Discussion
In this work, a hybrid framework is proposed for discriminating five types of standard fetal head view planes in ultrasound images and the background images. The contributions of this work can be summarized as the following four points. 1) It is the first work that deep learning technology is utilized to identify TV, TT, and TC to the best knowledge. 2) It is the first piece of work which YOLO-V3 is successfully applied on this topic. 3) The design of the proposed framework which contains both object detection network and object classification network while model stacking technique is applied to further enhance the performance is novel to this area. 4) The overall performance of the proposed framework is the state-of-the-art.
Considering the combination of object detection network and object classification network, one question would be intuitively raised, i.e., why both networks are needed to determine whether a given fetal ultrasound image is one of the five types of standard view planes or none of them? Firstly, it is known that object detection network is one type of multi-task network which can achieve both object localization and object classification. However, the optimization of both tasks are simonteneously conducted which means it could be more difficult than single tasking optimization, and the trade off between the two tasks could make the network less effective than single tasking network on the single task. Secondly, since the ultrasound image is always noisy, it is necessary to extract the most important information which is the most significant image content from the ultrasound image so as to make the classification more efficient. Therefore, both object detection network and classification network are deployed to from the proposed hybrid framework. To further verify the aforementioned, a set of experiments are designed. Both SonoNet64 and ResNet50 are trained with the original ultrasound images instead of the fetal head region detected by YOLO. As reported in Table 3, the performance of both networks which are trained with original images is much lower than the networks trained with the image content extracted by YOLO. It is also obervered that YOLO itself is underperformed by both SonoNet and ResNet trained with the detected fetal region. As a conclusion, the combination of both object detection network and classification network is more effective than any single type of them. Besides, as the classification network is employed, YOLO can be more focused on locating possible fetal region in the candidate image. Therefore, the classification loss of YOLO is multiplied a factor of 0.5 so as to emphasis the optimization of the object localization during the training. By investigating the testing results, the region where fetal head is captured in each standard view plane image can be located by YOLO successfully.
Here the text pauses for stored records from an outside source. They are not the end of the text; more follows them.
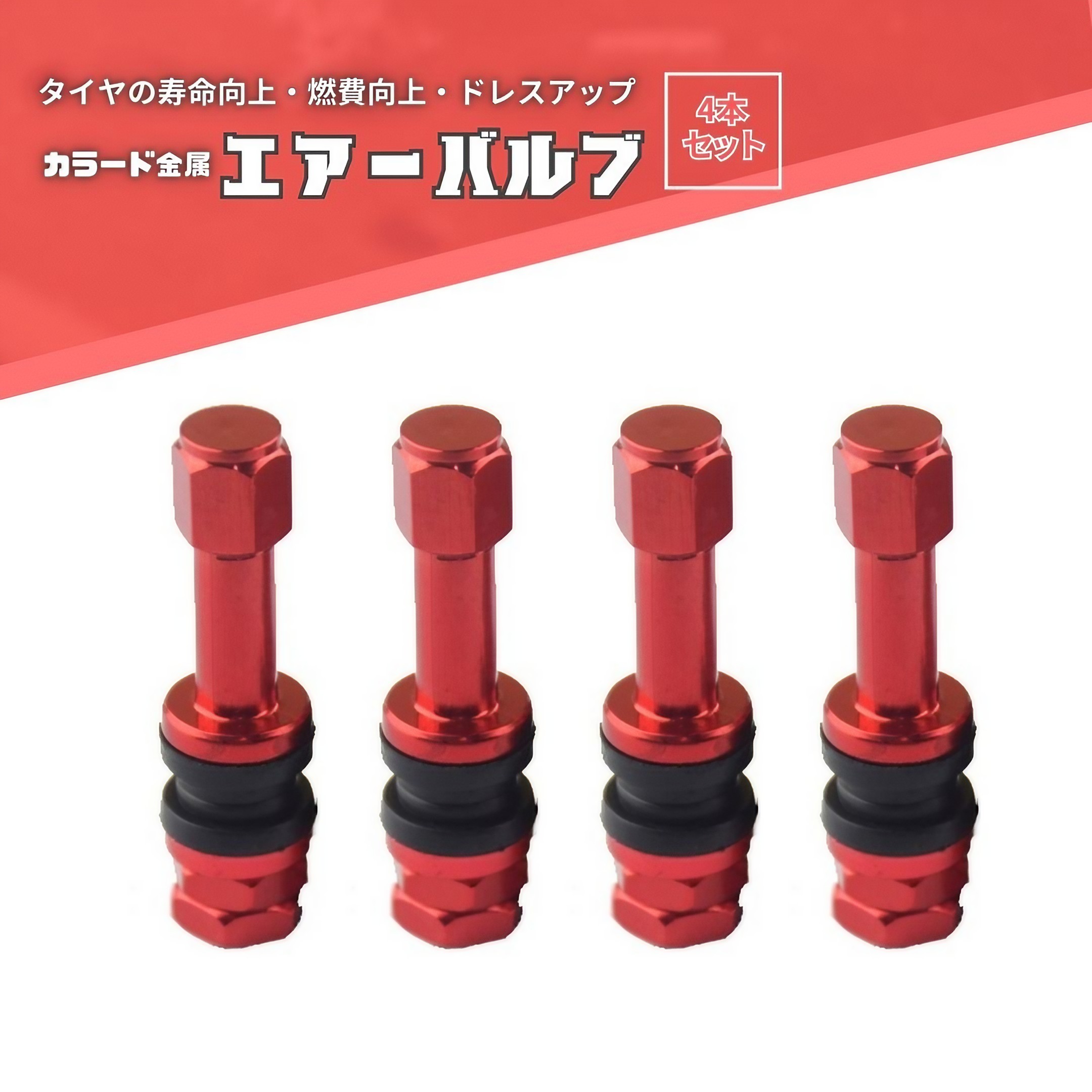 金属 エアーバルブ 4個セット レッド 赤 カラード TR48E チューブレスバルブ クランプイン エアバルブ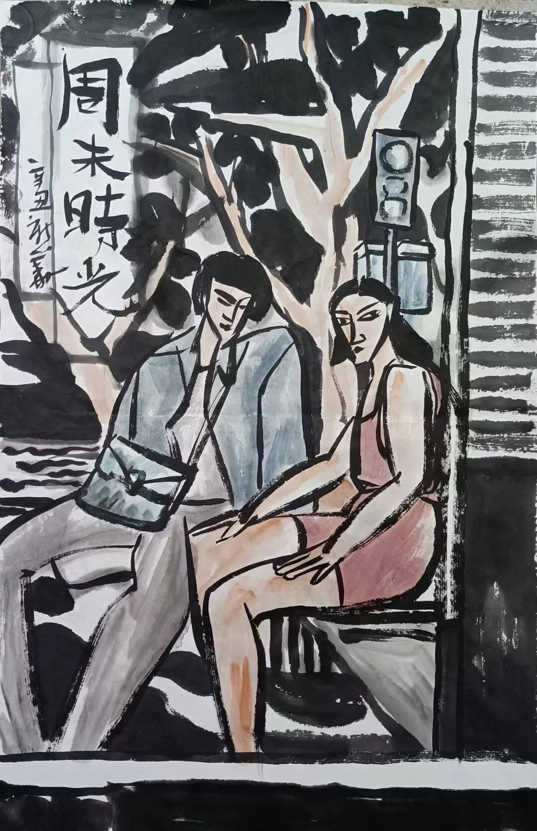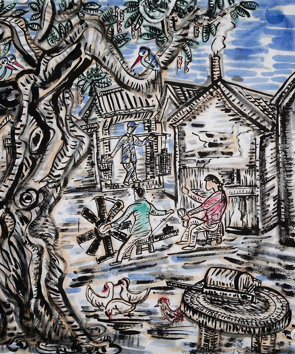 他的造型上仿佛着剪纸、石刻、戏剧、年画、民间艺术甚至儿童画的痕迹。笔下的人物敦厚稚拙,鲜活生猛,他说他喜欢精神上原始纯朴野性,但画面要新鲜清新,喜欢小鲜肉,不能总是以老气横秋示人,像个油腻老男人。他打破了传统笔墨的造型样态,着力构建全新的审美样式。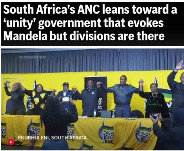 南非總統(tǒng)拉馬福薩在會(huì)后宣布,其所在的非國(guó)大決定與其他政黨進(jìn)行“廣泛合作”,組建聯(lián)合政府。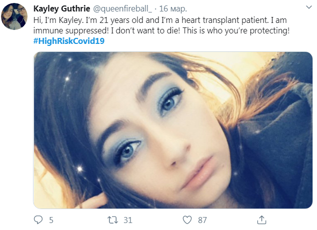 "Привіт, я Кейлі. Мені 21 рік і я пацієнт з пересадженим серцем. Я на імуносупресорах! Я не хочу вмирати! Ось, кого ви захищаєте!".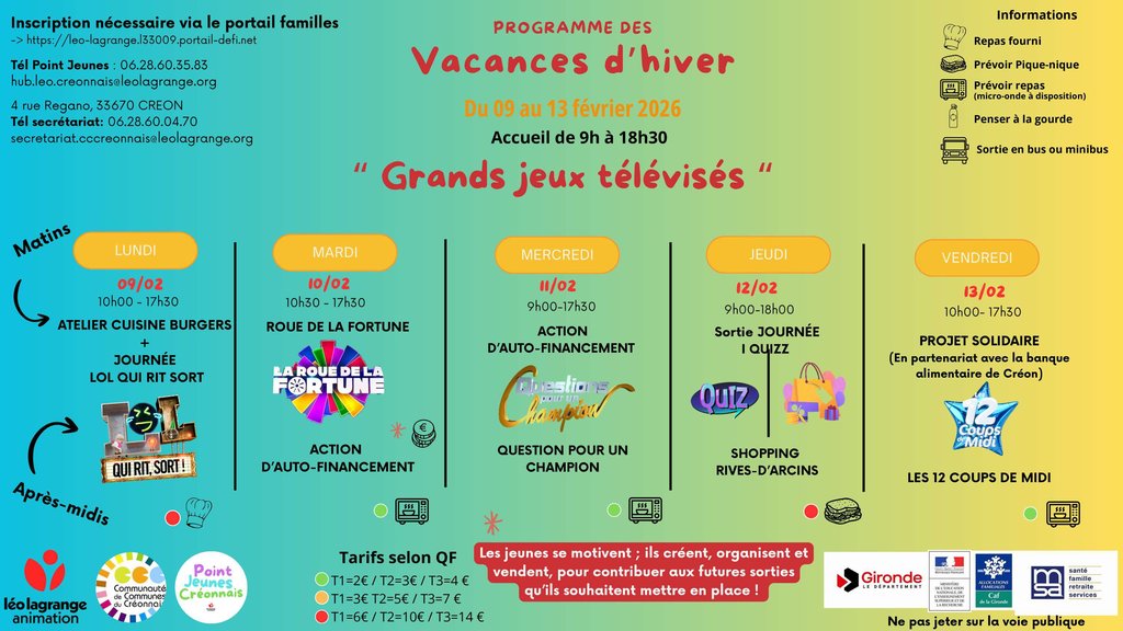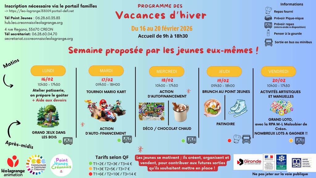 Le Point Jeunes Créonnais vous propose deux semaines riches en animations. Ateliers de cuisine, jeux, quizz, jeux vidéo, ateliers créatifs, loto, patinoire... et bien d'autres activités !

As illustrated in Table 2, the performance of SonoNet64, the benchmark technique applied to identify fetal ultrasound standard planes which is inspired by VGG16, is competitive with the other three benchmark neural networks which are extremely popular in Computer Vision. Since all these CNN based techniques are powerful enough on feature extracting, and it is noticed that the complexity of the network is not always proportional to the performance, such as InceptionResNet-V2 is underperformed by other three. Therefore, to further improve the performance of the state-of-the-art, model stacking is considered to be one of the solutions. By reviewing the results shown in Table 3, it is observed that the proposed stacking model outperforms the four benchmarks. The Receiver Operating Characteristic (ROC) curves shown in Figure 3 also indicate the effectiveness of proposed stacking while each AUC is close to 1 and the average AUC is 0.9893.